En la Exhortación del Papa Francisco, de la cual se quiere difundir su contenido, se expresan los objetivos del Año. El primero es «hacer experimentar que el Evangelio de la familia es alegría que llena el corazón y la vida entera». Y, se lee en el folleto, una familia que descubre y experimenta la alegría de tener un don y ser a su vez un don para la Iglesia y la sociedad «puede llegar a ser una luz en la oscuridad del mundo». Un segundo objetivo es proclamar el precioso valor del sacramento del matrimonio que «tiene en sí mismo una fuerza transformadora del amor humano». Y también: «hacer a las familias protagonistas de la pastoral familiar» y a los jóvenes «conscientes de la importancia de la formación en la verdad del amor y del don de sí mismos». Por último, se invita a ampliar, en el transcurso del Año, la mirada y la acción de la pastoral familiar para que se convierta en transversal, para incluir a todos los componentes de la familia.

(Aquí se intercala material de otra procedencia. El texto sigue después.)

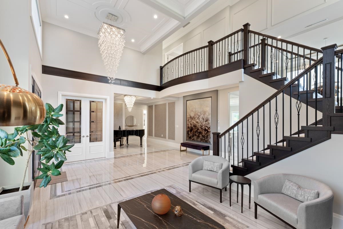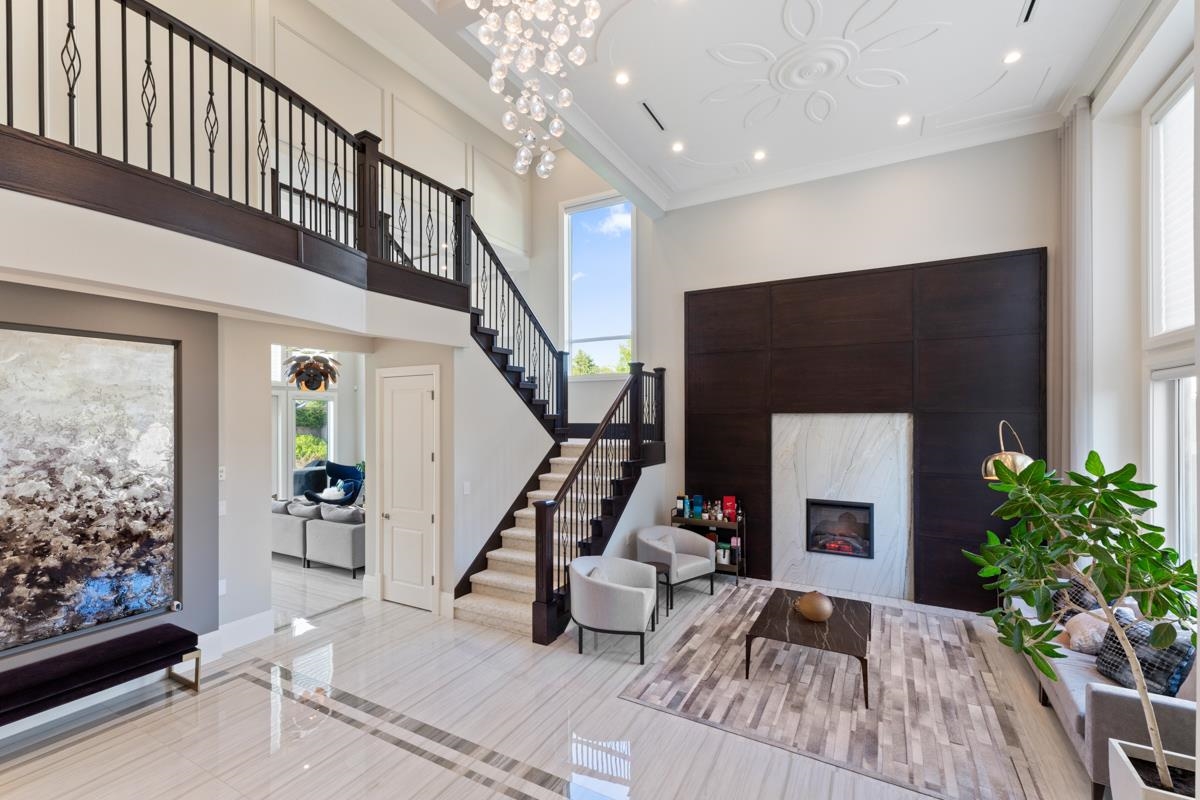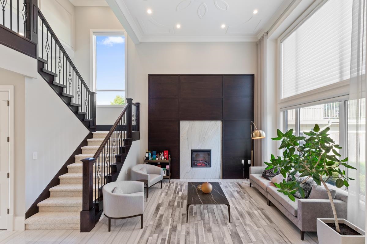 Modern French-inspired home in Richmond's prestigious Riverdale. Offers 5 beds & 6 baths, all bedrooms with ensuites, including one on the main level for added flexibility. Features a grand double-height family room, dedicated media room perfect for movie nights or karaoke, a spacious entertaining kitchen with premium built-in appliances, plus a separate wok kitchen for the culinary enthusiast. The luxurious primary suite includes a spa-like French-inspired bathroom, huge walk-in closet & private balcony. Efficient upper-level layout ensures comfort for the whole family. Well-maintained, sunny backyard ideal for kids & pets. Enjoy a private yet convenient lifestyle near Richmond Centre, top schools, parks, shops & restaurants—perfect for growing families or multi-generational living.

Sugerencias concretas para valorizar la familia

Son muchas las iniciativas que se llevarán a cabo en las diócesis y parroquias durante el Año: desde el fortalecimiento de la pastoral de preparación al matrimonio y el acompañamiento de los cónyuges en los primeros años de matrimonio, hasta la organización de encuentros para los padres sobre la educación de sus hijos. Y luego, la promoción de encuentros sobre la belleza y las dificultades de la vida familiar, «para fomentar – se lee en el folleto del Dicasterio – el reconocimiento del valor social de la familia y la creación de una red de familias y pastores capaces de convertirse en vecinos en situaciones difíciles, con el anuncio, el compartir y el testimonio. Se sugiere prestar especial atención a las parejas en crisis, así como a los ancianos, a fin de «superar la cultura del descarte y la indiferencia». Con los jóvenes, se señala, son deseables «iniciativas para reflexionar y debatir cuestiones como la familia, el matrimonio, la castidad, la apertura a la vida, el uso de las redes sociales, la pobreza, el respeto a la creación». También se recomienda prestar una atención especial a los niños durante el Año.

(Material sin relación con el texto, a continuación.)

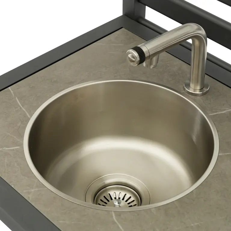 Эта раковина совместима с обычным садовым шлангом, что делает доступ к воде легким и удобным.
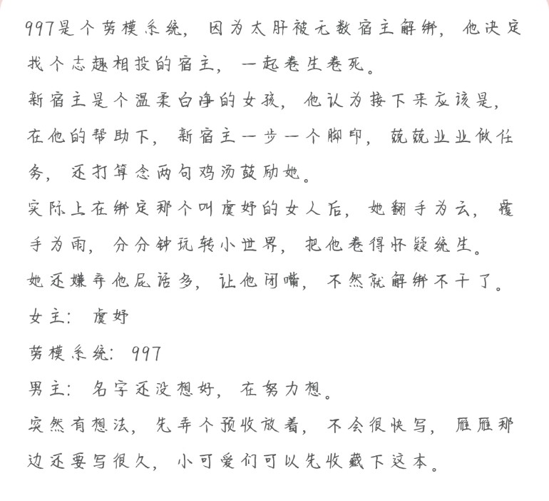 If you are interested, you can save it. I don't know if the title of the book will be changed in the future, so I would like to avoid using a system for whiteboarding first, and then ask the editor to help me when I start the book later. Jiang Yu: On the surface, she is gentle and quiet, but she looks very weak and easy to deceive, but in fact, she is really a boss. (There is a better name for the heroine, it may be changed, so I'll make do with it for now) 997: Model worker system, chatty, and often complained about exploiting hosts. Later, all new hosts knew his name, and no host was willing to bind him. Male protagonist: A man with thorns! Ginger thorns will fall off automatically when they come into contact with them. The setting is still not human, you can guess what species it is. (It has been set and will not be disclosed.) I haven't thought of a name yet. His existence is to like Jiang Yu, be good to Jiang Yu, and make Jiang Yu happy.

Reciprocidad entre la familia y la Iglesia

Un aspecto particular que surge en el contexto del Año «Familia Amoris Laetitia» es el deseo de una mayor participación de los matrimonios en las estructuras diocesanas y parroquiales para establecer la pastoral familiar y una profundización en la formación de los agentes pastorales, seminaristas y sacerdotes para que, trabajando con las familias, estén a la altura de los desafíos del mundo actual. «Con este fin – subraya el texto del Dicasterio – será importante hacer funcionar la reciprocidad entre la familia Iglesia-doméstica y la Iglesia, para que la una sea descubierta y valorada como un don insustituible para la otra. Por último, será importante «promover en las familias su natural vocación misionera creando momentos de formación para la evangelización e iniciativas misioneras» en ocasiones como la formación para los sacramentos de los niños, bodas, aniversarios o momentos litúrgicos importantes.